By deleting the uncompressed intermediate data from the SRAM 40 when the data is no longer needed in the calculation process thereafter, the data processing device 100 according to the present embodiment can curb the memory capacity of the SRAM built in the processor 20. Note that in some cases, the uncompressed intermediate data is used in the calculation process of multiple layers. In this case, only the input deletion bit corresponding to a layer to be executed last is set to ‘1’. Accordingly, in the case where common intermediate data is used in multiple layers, erroneous deletion of the intermediate data from the SRAM 40 can be prevented.
The transfer determination bits according to the present embodiment hold information indicating a forwarding destination (storage destination) of the intermediate data. The transfer determination bits being ‘00’ indicate that the compressed intermediate data is to be transferred to the SRAM 40. The transfer determination bits being ‘01’ indicate that the compressed intermediate data is to be transferred to the DRAM 50. The transfer determination bits being ‘10’ indicate that the compressed intermediate data is to be transferred to the both the SRAM 40 and the DRAM 50. Information held in the transfer determination bits to indicate a forwarding destination(storage destination) of intermediate data is an example of destination information.
By providing the transfer determination bits, the data processing device 100 can easily determine the forwarding destination of the compressed intermediate data for each layer. Note that in the case where the compressed intermediate data is transferred to only one of the SRAM 40 and the DRAM 50, i.e., the compressed intermediate data is not transferred to both of the SRAM 40 and the DRAM 50, the transfer determination bit may be one bit long. In this case, the transfer determination bit being ‘0’ indicates transfer to the SRAM 40, whereas the transfer determination bits being ‘1’ indicates transfer to the DRAM 50.
Note that each of the determination tables TBL1 may have an input deletion bit and transfer determination bits common to all the target processing layers. In other words, the input deletion bit and the transfer determination bits may be set for each neural network. Further, at least one of the determination tables TBL1 may hold multiple input deletion bits and multiple transfer determination bits corresponding to at least one of the target processing layers. In this case, the multiple input deletion bits and the multiple transfer determination bits are set for each of the multiple items of data or multiple data groups that are used in the corresponding target processing layer.

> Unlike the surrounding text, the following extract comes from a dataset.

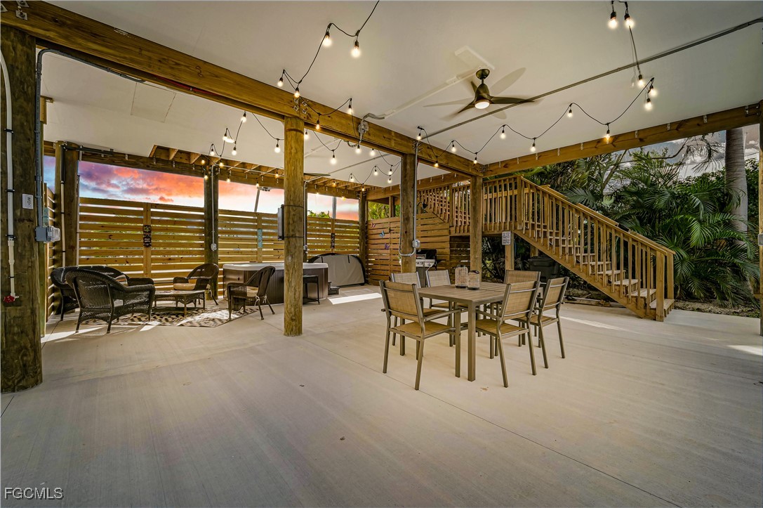 Downstairs, the covered area provides flexible space currently set up with a spa and seating—ideal for post-fishing relaxation, evening cocktails, or just enjoying the fact that you don’t live in a snowstorm. Parking is conveniently located in front of the home, and the stilt design makes excellent use of space while enhancing the coastal lifestyle.
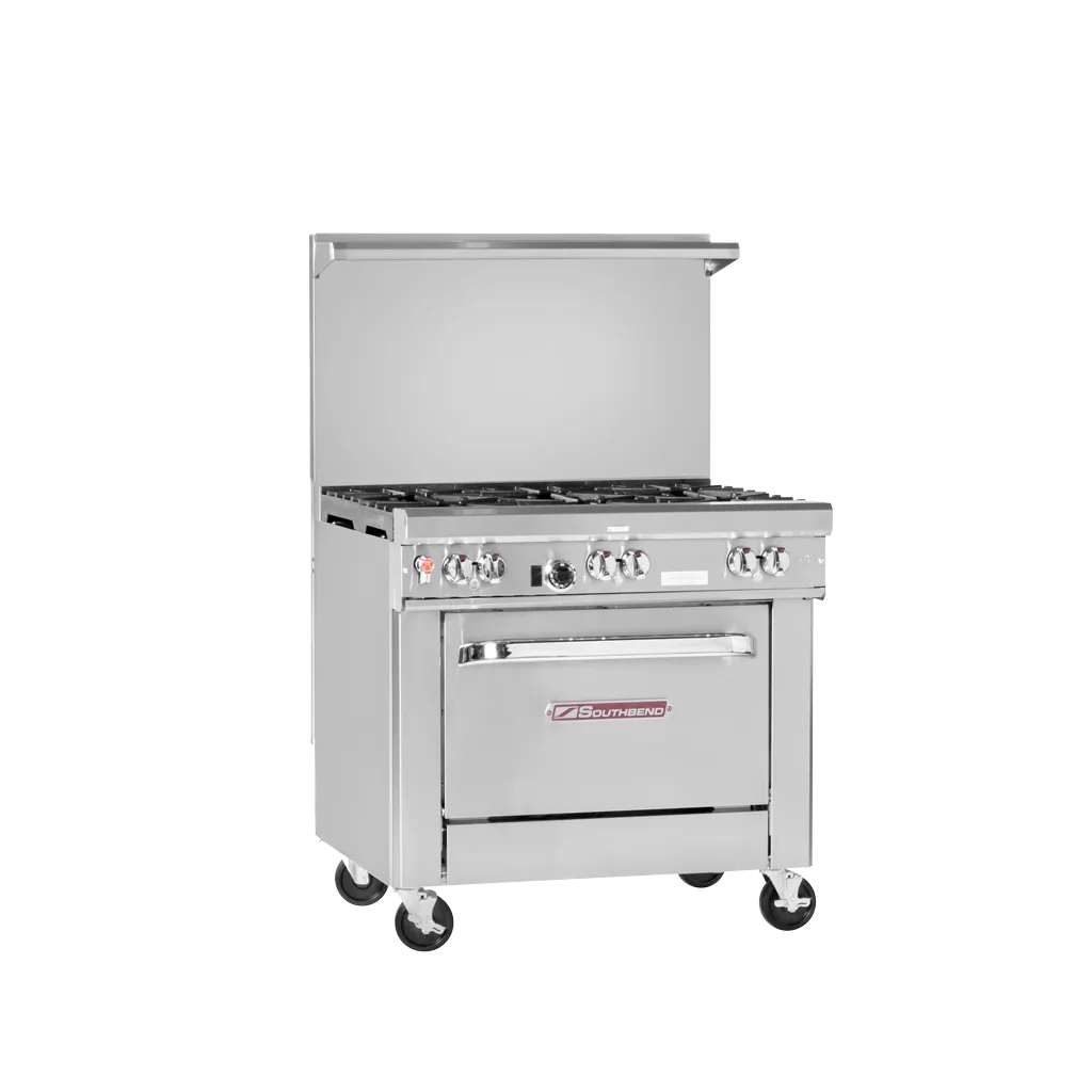 Master the art of cooking with the Southbend, 4362D, Range, 36" Restaurant, Gas. This ultimate restaurant range is designed to meet the demands of a busy commercial kitchen. With six non-clog burners and wavy grates, you can easily cook multiple dishes simultaneously. The standing pilot ensures quick and reliable ignition, while the standard oven with battery spark ignition provides even heat distribution for perfect baking results. The oven includes one rack for versatile cooking options. The stainless steel front, sides, shelf, and adjustable legs not only provide durability but also make cleaning a breeze. With a powerful 207,000 BTU, this range delivers exceptional cooking performance. It is CSA and NSF certified, ensuring its safety and quality. Whether you're running a bustling restaurant or a catering service, the Southbend, 4362D, Range, 36" Restaurant, Gas is the perfect addition to your kitchen.

Also, multiple determination tables TBL1 may be provided for multiple compression rates, respectively. For example, in the forward process of the neural network A, in the case where the compression rate is raised sequentially every time a predetermined number of iterations has been executed, determination tables TBL1(A) are provided for the respective compression rates, and a corresponding one of the determination tables TBL1(A) with respect to the number of iterations is referenced. Alternatively, corresponding to each of the determination tables TBL1, a compression rate table (example of compression rate information) may be provided in which correspondence between multiple compression rates and the number of iterations is specified.
First, at Step S10, the processor 20 transfers input data such as parameters or the like that is used in a target processing layer for which the forward process is to be executed, to the SRAM 40. In the input layer illustrated in
Next, at Step S12, the processor 20 uses the input data transferred at Step S10, to execute the forward process and generate the intermediate data. Next, at Step S14, the processor 20 stores the intermediate data (uncompressed) generated at Step S12 in the SRAM 40.
Next, at Step S16, the processor 20 refers to the input deletion bit of the determination table TBL1, to determine whether to delete the uncompressed intermediate data input into the target processing layer from the SRAM 40. If the input deletion bit is ‘1’, the processor 20 determines to delete the uncompressed intermediate data from the SRAM 40, and causes the process to transition to Step S18. If the input deletion bit is ‘0’, the processor 20 determines not to delete the uncompressed intermediate data from the SRAM 40, and causes the process to transition to Step S20.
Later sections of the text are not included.